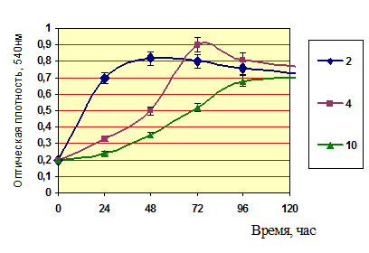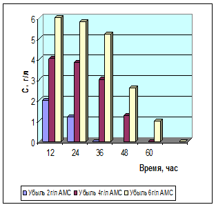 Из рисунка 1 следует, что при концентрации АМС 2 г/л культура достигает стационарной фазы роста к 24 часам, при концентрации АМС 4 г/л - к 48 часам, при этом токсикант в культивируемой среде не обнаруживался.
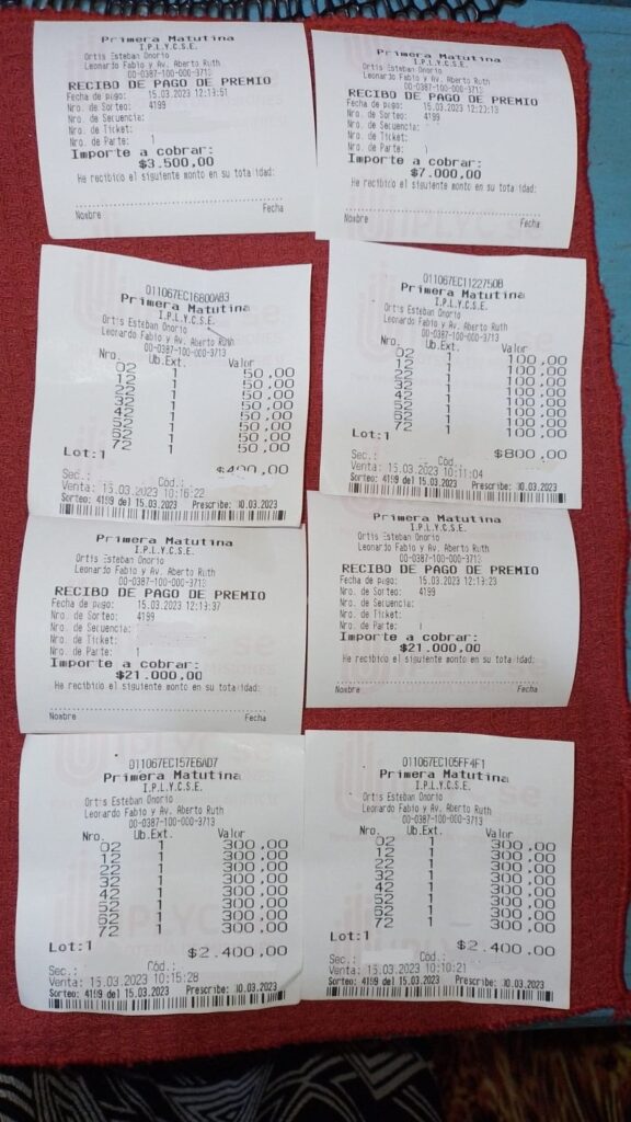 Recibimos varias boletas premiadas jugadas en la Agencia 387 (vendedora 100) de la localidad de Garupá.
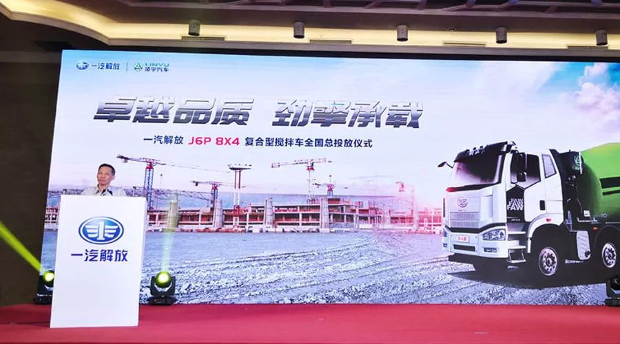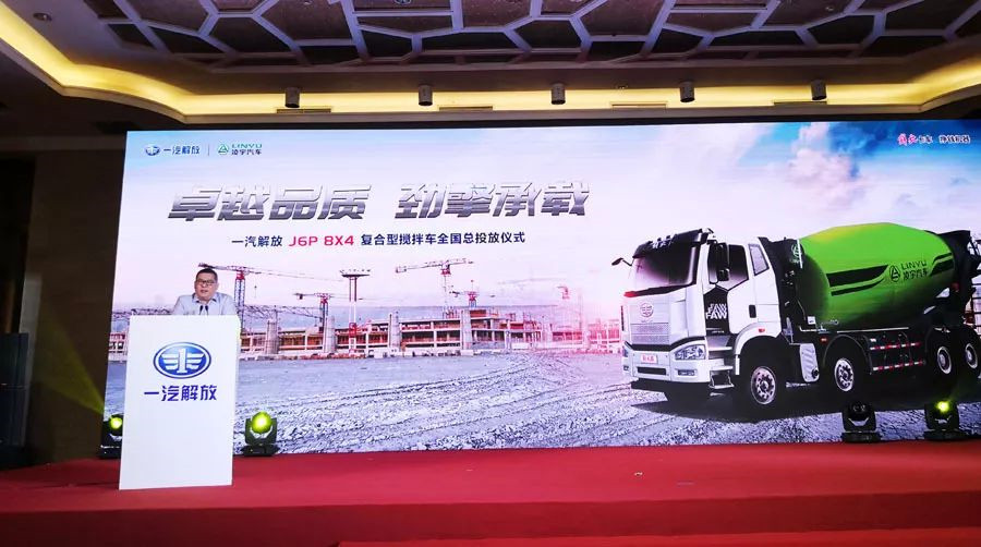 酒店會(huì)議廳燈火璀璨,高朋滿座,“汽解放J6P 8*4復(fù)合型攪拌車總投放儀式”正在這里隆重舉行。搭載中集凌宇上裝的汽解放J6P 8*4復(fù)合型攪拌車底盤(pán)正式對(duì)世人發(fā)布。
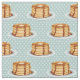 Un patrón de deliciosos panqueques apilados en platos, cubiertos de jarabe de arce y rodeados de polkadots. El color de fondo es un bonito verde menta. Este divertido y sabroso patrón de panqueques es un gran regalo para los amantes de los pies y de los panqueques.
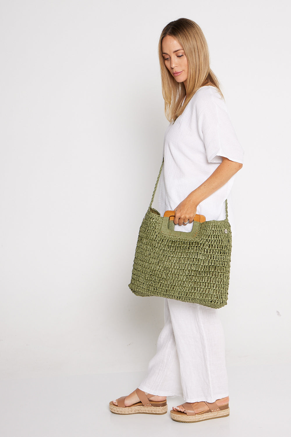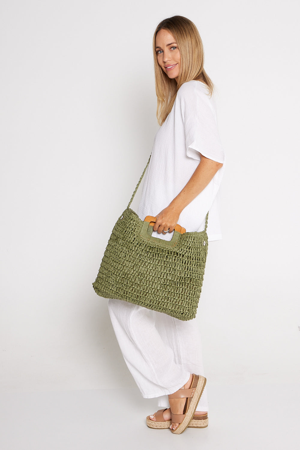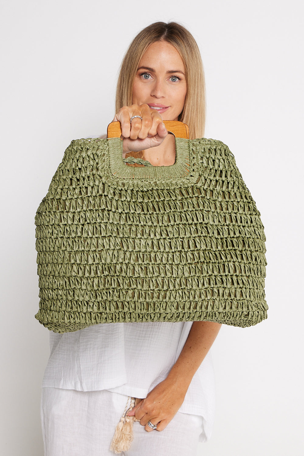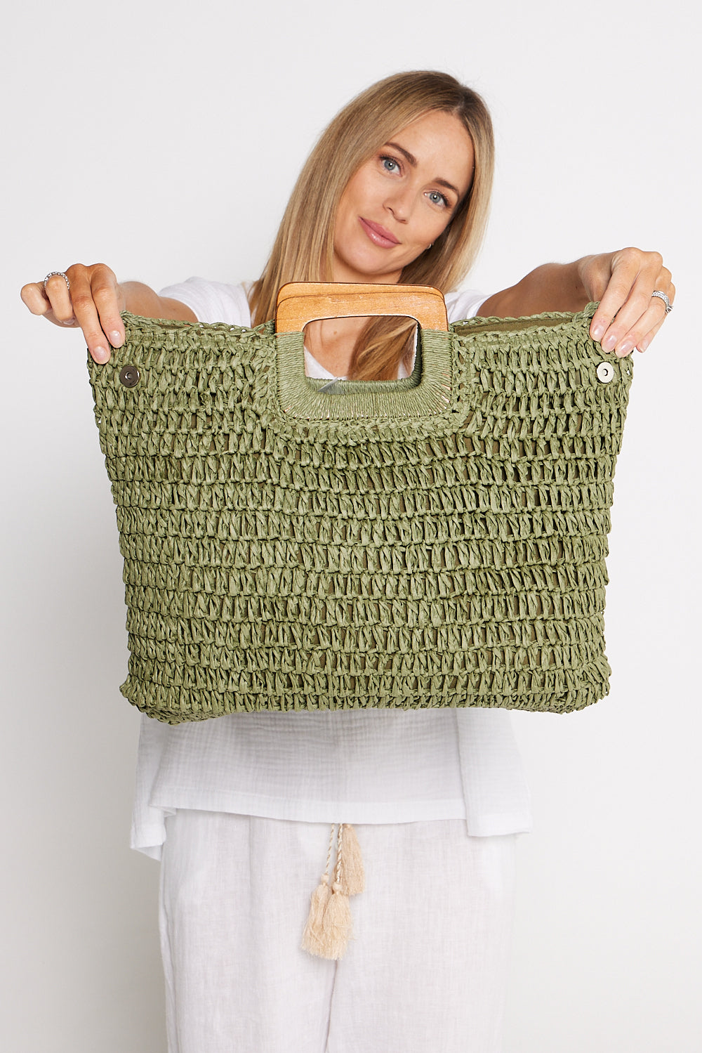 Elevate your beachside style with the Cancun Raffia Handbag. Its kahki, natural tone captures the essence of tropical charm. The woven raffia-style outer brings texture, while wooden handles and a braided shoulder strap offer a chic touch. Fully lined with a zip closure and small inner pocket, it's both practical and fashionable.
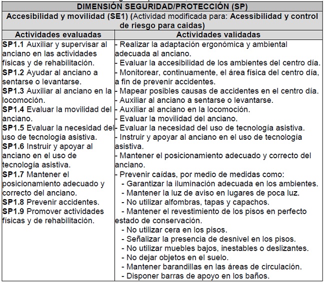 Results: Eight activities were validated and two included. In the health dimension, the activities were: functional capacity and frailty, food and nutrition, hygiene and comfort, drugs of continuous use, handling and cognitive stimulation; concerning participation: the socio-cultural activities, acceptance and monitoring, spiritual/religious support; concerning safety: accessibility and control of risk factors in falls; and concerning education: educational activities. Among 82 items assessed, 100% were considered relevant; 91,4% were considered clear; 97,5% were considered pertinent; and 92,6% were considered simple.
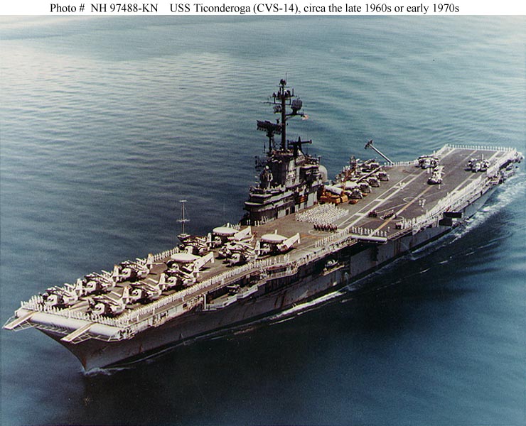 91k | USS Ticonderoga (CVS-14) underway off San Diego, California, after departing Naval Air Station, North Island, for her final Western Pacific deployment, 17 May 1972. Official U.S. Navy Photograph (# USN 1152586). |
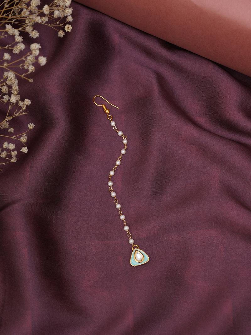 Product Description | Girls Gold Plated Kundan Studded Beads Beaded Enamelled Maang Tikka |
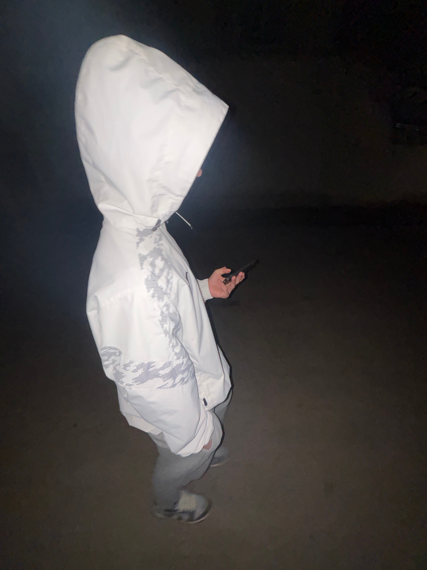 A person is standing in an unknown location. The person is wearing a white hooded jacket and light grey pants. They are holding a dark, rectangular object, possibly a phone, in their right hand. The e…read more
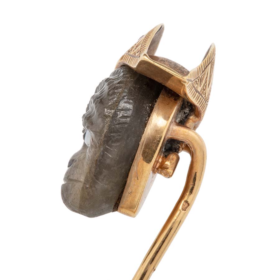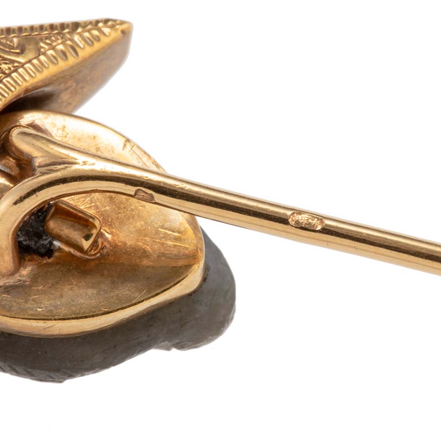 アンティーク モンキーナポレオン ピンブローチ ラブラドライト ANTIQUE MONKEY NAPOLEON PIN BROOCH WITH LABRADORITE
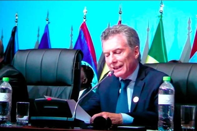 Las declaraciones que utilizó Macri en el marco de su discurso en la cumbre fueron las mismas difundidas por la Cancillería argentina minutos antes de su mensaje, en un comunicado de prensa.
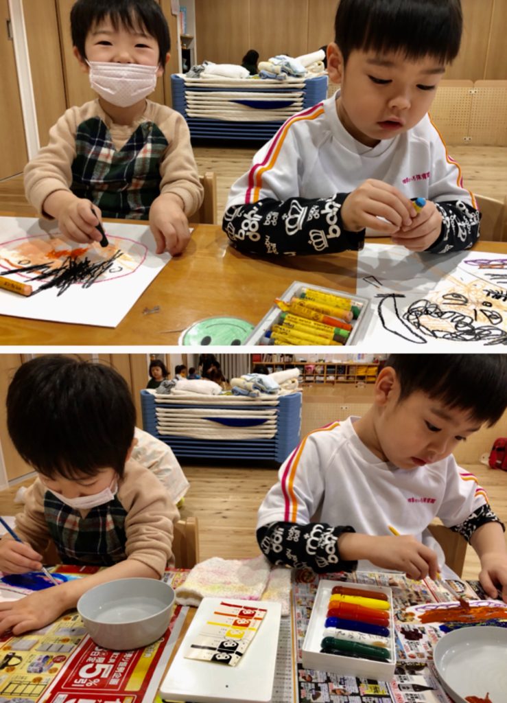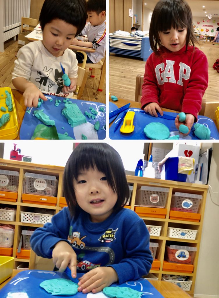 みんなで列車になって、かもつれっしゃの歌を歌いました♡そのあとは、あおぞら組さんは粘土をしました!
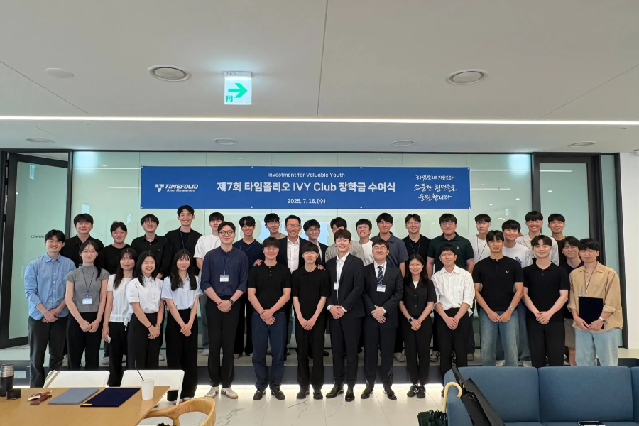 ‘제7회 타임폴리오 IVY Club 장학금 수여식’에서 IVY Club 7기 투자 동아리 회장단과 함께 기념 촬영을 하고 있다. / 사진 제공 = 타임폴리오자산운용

********

**WHAT YOU ARE ASKED TO DO**:
Give back exactly the lines from the one with "アンティーク モンキーナポレオン ピンブローチ" through the end of the records above, inclusive, and omit any pictures.

**REPLY**:
 アンティーク モンキーナポレオン ピンブローチ ラブラドライト ANTIQUE MONKEY NAPOLEON PIN BROOCH WITH LABRADORITE
 Las declaraciones que utilizó Macri en el marco de su discurso en la cumbre fueron las mismas difundidas por la Cancillería argentina minutos antes de su mensaje, en un comunicado de prensa.
 みんなで列車になって、かもつれっしゃの歌を歌いました♡そのあとは、あおぞら組さんは粘土をしました!
 ‘제7회 타임폴리오 IVY Club 장학금 수여식’에서 IVY Club 7기 투자 동아리 회장단과 함께 기념 촬영을 하고 있다. / 사진 제공 = 타임폴리오자산운용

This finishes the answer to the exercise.